Terms and Conditions of Options
Options granted under the Plan shall be, as determined by the Committee, non-qualified or incentive stock options for federal income tax purposes, as evidenced by the related Award agreements, and shall be subject to the foregoing and the following terms and conditions and to such other terms and conditions, not inconsistent therewith, as the Committee shall determine:
(a)  Option Price.  The Option Price per Share shall be determined by the Committee, but (except as required or permitted with respect to Conversion Awards and Substitute Awards) shall not be less than 100% of the Fair Market Value of a Share on the date an Option is granted.

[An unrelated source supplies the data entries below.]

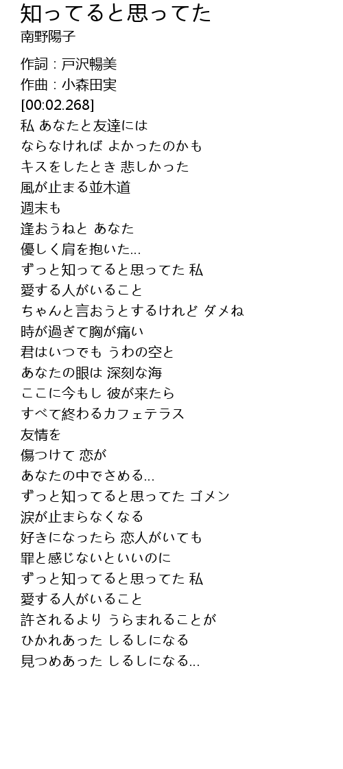 | [02:24.571] | ずっと知ってると思ってた ゴメン |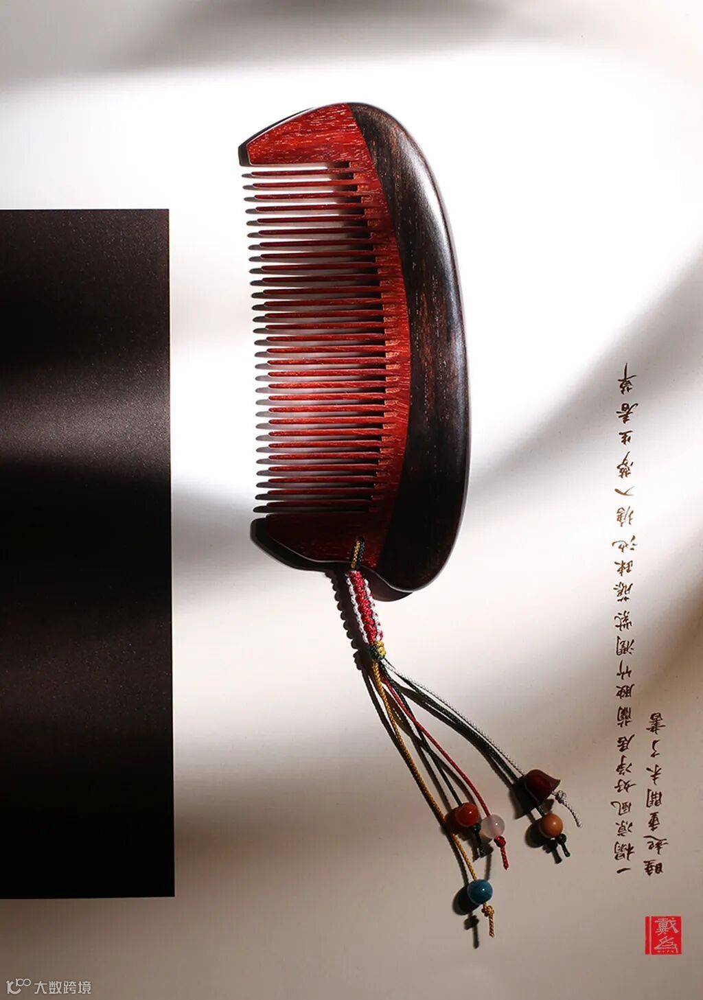 南红、紫檀钟型铃铛、老山檀弟子珠、玛瑙、灵灰石等精美装饰被一株绳子系在一起,缀成一缕流苏,给梳子注入了灵动的气韵。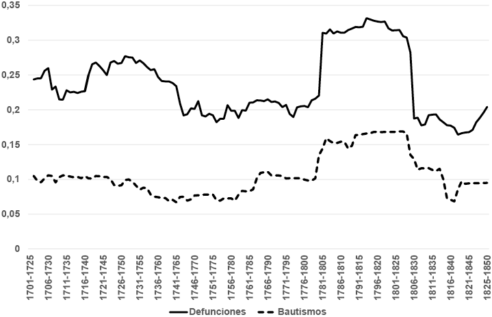 En los últimos años se han publicado varios estudios similares referidos a otras provincias[2]. La principal conclusión de los mismos es que entre 1700-1749 y 1815-1864 la mortalidad –estimada mediante una ratio defunciones/bautizados– disminuyó en la España interior, a veces en proporciones muy considerables: un 30,6% en Zamora, un 22,6% en Palencia, un 22,1% en Ávila, un 17,8% en Guadalajara, un 17,4% en Burgos y en torno al 15% en Albacete y Ciudad Real. Dicho descenso, que se asocia a una supuesta primera fase de la transición demográfica, se concentró en todos los casos en los componentes de mortalidad «ordinaria» y mortalidad de «adultos» (contrapuestos a los de mortalidad «catastrófica» o «extraordinaria» y de «párvulos», respectivamente). De momento, en los trabajos publicados, la constatación de la caída de la mortalidad no va acompañada de una explicación satisfactoria de dicho fenómeno más allá de la formulación de algunas conjeturas, si bien se apunta a que «la caída de la mortalidad en la segunda mitad del Setecientos sugiere que el crecimiento y los cambios económicos en ese periodo fueron algo mayores de los generalmente indicados por la historiografía»[3].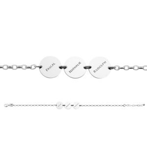 Deze zilveren armband met drie rondjes van Names4ever is gemaakt van 925 sterling zilver, de allerbeste kwaliteit zilver, en bestaat uit meerdere slanke schakels die mooi op elkaar aansluiten, met aan de voorkant drie ovaaltjes. Deze drie rondjes kunnen voorzien worden van drie namen naar keuze, die diagonaal over het plaatje geplaatst worden, zodat u verzekerd bent van een persoonlijk en uniek sieraad. Aan de achterkant zit een handige karabijnsluiting, waardoor u deze armband gemakkelijk om- en afdoet. Deze armband heeft een maximale lengte van 20cm met een minimale draaglengte van 17cm. De hartvormige plaatjes hebben een afmeting van 12x12mm met een dikte van 0,7mm.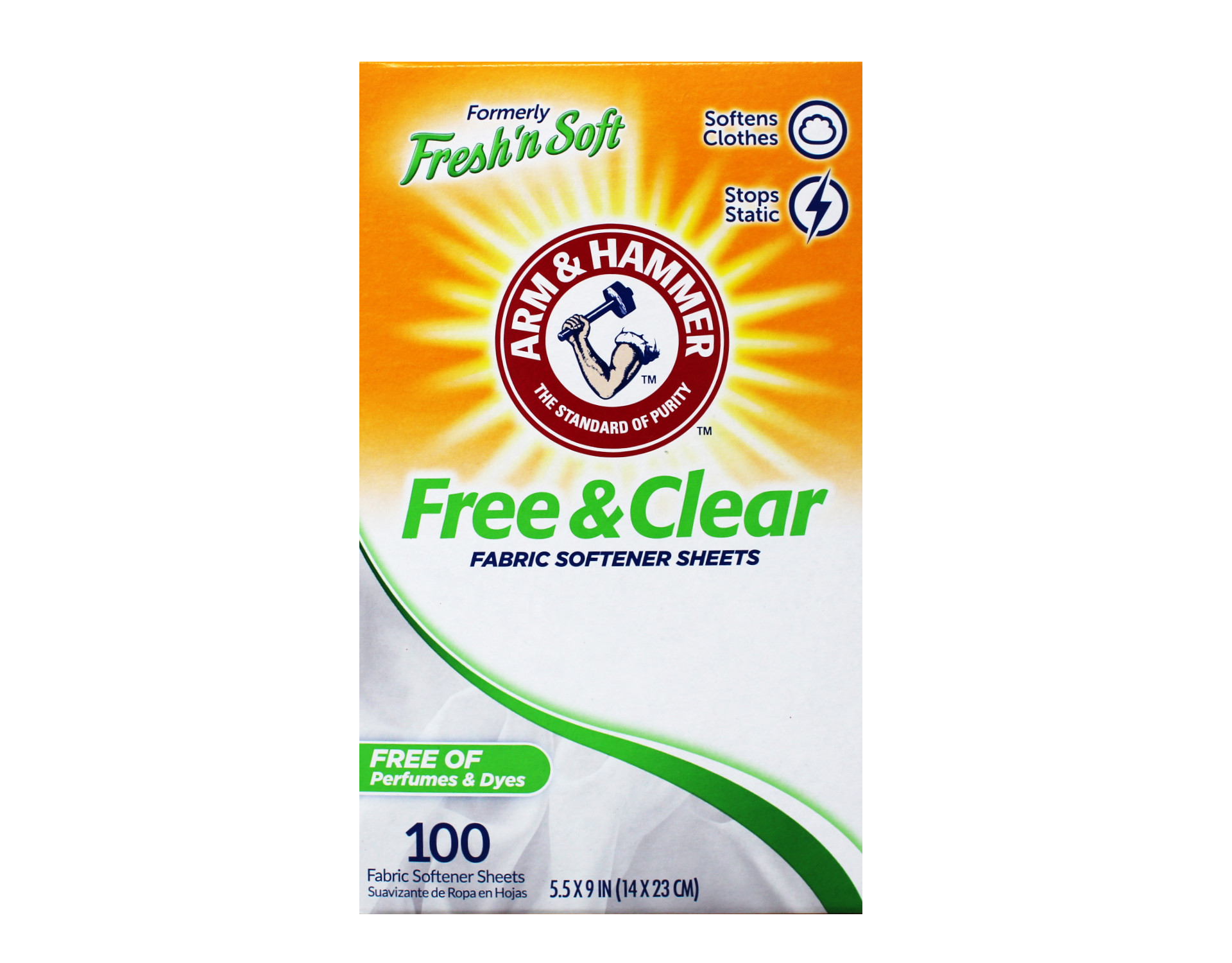 Add softness to your laundry with ARM HAMMER Fabric Softener Sheets Free of Perfumes and Dyes Bullet Feature 1* Free of Perfumes and Dyes Bullet Feature 2* Softens clothes Bullet Feature 3* Reduces static cling Bullet Feature 4* 100 Sheets Bullet Feature 5* ARM HAMMER Fabric Softener Sheets, 100 sheets, Free of Perfumes and Dyes. Usage: Place a new sheet on top of wet clothes in dryer. For large loads or extra softness use two sheets. For synthetics use low heat. If spotting occurs, wet and rub spot with bar soap and rewash. Safe for all washables. Indications for Use* Place a new sheet on top of wet clothes in dryer.

(b)  Exercisability.  Options granted under the Plan shall be exercisable at such time and upon such terms and conditions as may be determined by the Committee, but in no event shall an Option be exercisable more than ten years after the date it is granted;  provided , however, that (other than with respect to any ISO or as would otherwise result in a violation of Section 409A and the guidance issued thereunder) to the extent an Option would expire at a time when the holder of such Option is prohibited by applicable law or the Company’s insider trading policy from selling or otherwise disposing of Shares that he or she would otherwise acquire upon exercise of such Option, then such Option shall nevertheless be exercisable until the thirtieth (30 th ) day following the date such prohibition lapses.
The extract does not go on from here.